At a Family Business Governance Institute sponsored by WomenCorporateDirectors in New York in May, many of the leaders of such firms on one panel discussed how they had decided that jobs in the business aren’t guaranteed to family members. Many are starting to require that potential successors in the third or fourth generation get a graduate management degree and work for a minimal number of years in an outside company to gain broader business experience. At one company mentioned by a panelist, promotion of family members into senior positions is decided not only by the family but also by outside partners, in order to give such promotions more credibility.

A KPMG report, ‘Enduring across generations: how boards drive value in family-owned businesses’, released in May, suggests a family council can be helpful once the family has grown large enough. A council can help the family preserve wealth through a family office that offers investment advice and ‘can also be a good forum for developing policies regarding employment of family members’.
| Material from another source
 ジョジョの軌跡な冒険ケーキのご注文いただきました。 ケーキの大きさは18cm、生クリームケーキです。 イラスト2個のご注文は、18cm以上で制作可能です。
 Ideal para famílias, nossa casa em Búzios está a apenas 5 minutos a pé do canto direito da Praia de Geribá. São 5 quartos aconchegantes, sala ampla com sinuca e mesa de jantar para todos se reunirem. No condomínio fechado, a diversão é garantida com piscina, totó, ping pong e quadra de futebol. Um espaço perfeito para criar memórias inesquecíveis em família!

It makes sense to seek out more sophisticated processes as a business matures and expands, especially in a family-owned firm that is no longer controlled by family members. Where the family’s involvement in the business diminishes and there are growing numbers of outside investors, whether from private equity, venture capital firms or elsewhere, there is a greater desire and need for more formal governance structures, Marcela says. ‘So you move from a very informal decision-making model to maybe a board of advisers, and then to the next step of a board of directors with outside directors’ and eventually to forming board committees. Private firms with subsidiaries have to be as focused on protecting the corporate veil by ensuring separate board structures and record-keeping as public firms that risk being held accountable for liabilities incurred by their subsidiaries, Marcela notes.

Healthcare reform

M&A activity for private companies in certain industries is also compelling firms to think about corporate governance in new ways. Changes in the healthcare sector, such as the federal government’s focus on healthcare reform, ‘are causing companies to look at new ways to partner together, which requires both lawyers and corporate governance professionals to find ways to successfully structure these deals,’ explains Chris Wintrode, assistant general counsel for contracts, governance and policy at SSM Health, a non-profit healthcare system with 19 hospitals in four states. These partnerships can often involve expanding into new service lines or even new legal entities.
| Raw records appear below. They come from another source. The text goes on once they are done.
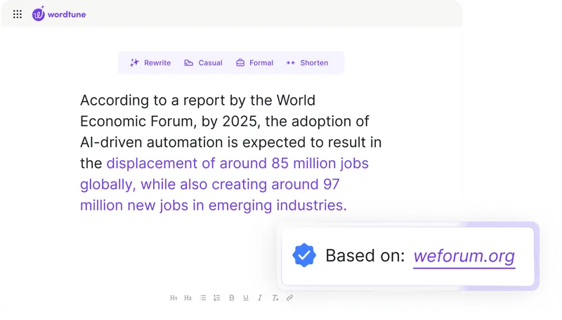 Why settle for generic content? Choose an AI writing generator that allows you to create and edit content as well as continue writing for you based on your unique context.
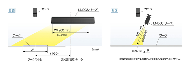 LNDG 系列沿倾斜方向照射,以检测“垂直皱纹和不规则性”。 选择照明时,请选择比要检查的工件宽度至少长 200 mm 的尺寸。 此外,我们建议照射距离为 50 毫米以获得足够的照度。
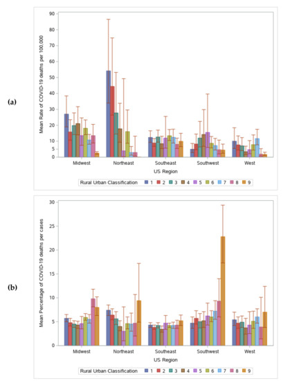 Differences in rates by the interaction between region and rural-urban designation (1 = most urban, 9 = most rural). Models included confounding factors. (a) Mean death rate per 100,000. (b) Mean percentage of deaths per cases.
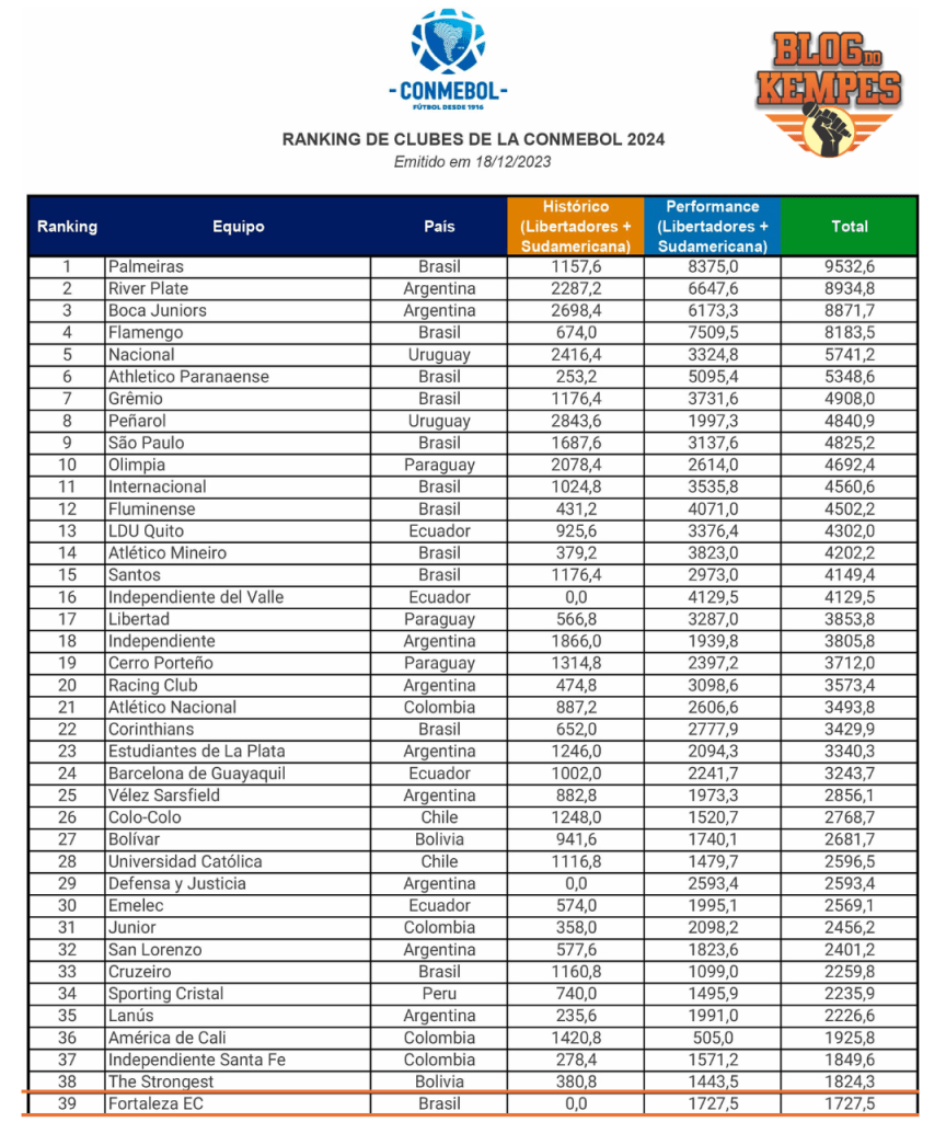 O Fortaleza é o clube nordestino melhor colocado. O tricolor está em 39º. O Ceará é o 2º melhor do Nordeste no ranking. O Alvinegro está em 63º lugar.

Healthcare reform, for example, has spurred the creation of new legal entities that have leading-edge governance structures, such as accountable care organizations and clinically integrated organizations, Wintrode explains. Recently, SSM Health has formed several of these legal entities, which have multiple governing boards that take joint responsibility for driving down costs and improving the quality of care.
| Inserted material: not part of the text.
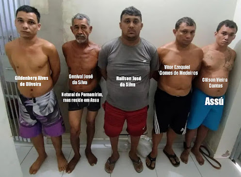 Todos foram identificados e são eles: o assuense, Clilson Vieira Dantas, 30 anos, vulgo “Cleissin”, presos outras vezes em Assú, uma por homicídio, assaltos e roubos, sendo preso em 2018 na operação crepúsculo que foi realizada em Assú. “Cleissin” esta usando uma tornozeleira eletrônica.

Green has noticed that many small businesses, as they grow into bigger companies, don’t always have the same resources larger companies have to guide them into good practices. ‘A lot of them get to where they are because they do something well, they’re successful, but they don’t necessarily develop the [governance or financial] processes along the way that they need to be a bigger company,’ she explains. ‘So they find themselves growing bigger, but they still act like a small company.’

As the owner of a small company herself, Green finds it ‘hard to find really good resources that are appropriate to your level in order to get the advice you need to run a company well.’

One resource Hobbs is seeing more often at private companies is a compliance or risk committee, or at least some function comprising members of the finance and operations groups. Such committees don’t necessarily include a chief compliance officer or chief risk officer, however. ‘Any time the company is going to do something new like start a transaction, launch a new product or expand internationally or into a new geographic area, it has that committee develop a risk assessment of what risks are associated with that event,’ Hobbs says.

That and other more sophisticated business processes indicate how far private companies have come in recognizing the need for solid corporate governance practices.